Sesi sarapan telah berlalu. Namun suasana di rumah keluarga Parulian itu belum juga kembali normal, seperti ratusan pagi yang telah terlewati. Diman masih berada disana. Membuat Rony juga enggan meninggalkan rumah. Sementara Salma kini tengah membantu mbok Jum merapikan dapur. Ia memilih untuk mengabaikan kedua lelaki yang kini tengah duduk berhadapan di taman belakang rumahnya itu.
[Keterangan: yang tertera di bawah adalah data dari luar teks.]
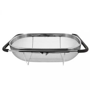 Escorredor de Macarrão fabricado em aço inox de alta qualidade, desenvolvido para ter alta performance sobre a pia.Possui um cesto coletor tipo peneira de malha fina e alças de borracha extensível.As alças deste Escorredor de Macarrão se expandem até a medida de 55 cm para descansar sobre a pia.As alças possuem borrachas macias para dar conforto e evitar riscos na pia.Assim você pode enxaguar e drenar os alimentos diretamente sobre a pia.O produto serve para lavar diversos vegetais e frutas e também como fruteira de mesa.Especificações:Peso aproximado: 580 g.Dimensões: 35 cm Largura X 24 cm Profundidade X 9 cm Altura.Extensível até 55 cm.Material:Aço Inox.Conteúdo:01 Escorredor de MacarrãoCuidados Especiais:Antes de utilizar o produto pela primeira vez, lave-o.Para limpeza, utilize apenas água, esponja macia, sabão ou detergente neutro. Nunca use produtos abrasivos, palhas de aço ou objetos pontiagudos.Pode ir na maquina de lavar louças. Marca: Não Informado

"Lu ga perlu takut sama kedatangan gue, Ron. Gua ga sejahat itu." Ucap Diman memecahkan keheningan diantara mereka
"Gue emang ga takut. Ngapain gua harus takut." Balas Rony
"Sikap lu ke gua, itu udah memperjelas semuanya." Sahut Diman
"Ngapain lu ke Jakarta? Lu juga ga lagi ada kerjaan disini." Tanya Rony
"Gua tau ini salah. Tapi jujur, gua kangen sama Salma." Jawab Diman dengan suara pelan
Bughh.
Satu pukulan tepat mengenai rahang Diman dengan keras. Membuat Diman meringis. Sakit."Kurang ajar, lu. Bisa2 nya lu dateng kerumah gua dan bilang kalau kangen sama istri gua!" Ucap Rony dengan marah
"Haha.. santai aja, Ron. Gua tau posisi. Gua tau, gua ga akan pernah punya kesempatan. Satu yang perlu lu, tau. Gua ga akan pernah bisa ngerusak kebahagiaan orang yang gua sayang." Balas Diman, membuat Rony semakin naik pitam
Satu pukulan kembali mendarat pada wajah Diman, membuat lelaki itu terjatuh dari duduknya. Rony benar2 marah saat ini. Dia merasa bahwa Diman terlalu berani untuk datang kerumahnya dan mengatakan bahwa ia masih menyimpan perasaan untuk istrinya.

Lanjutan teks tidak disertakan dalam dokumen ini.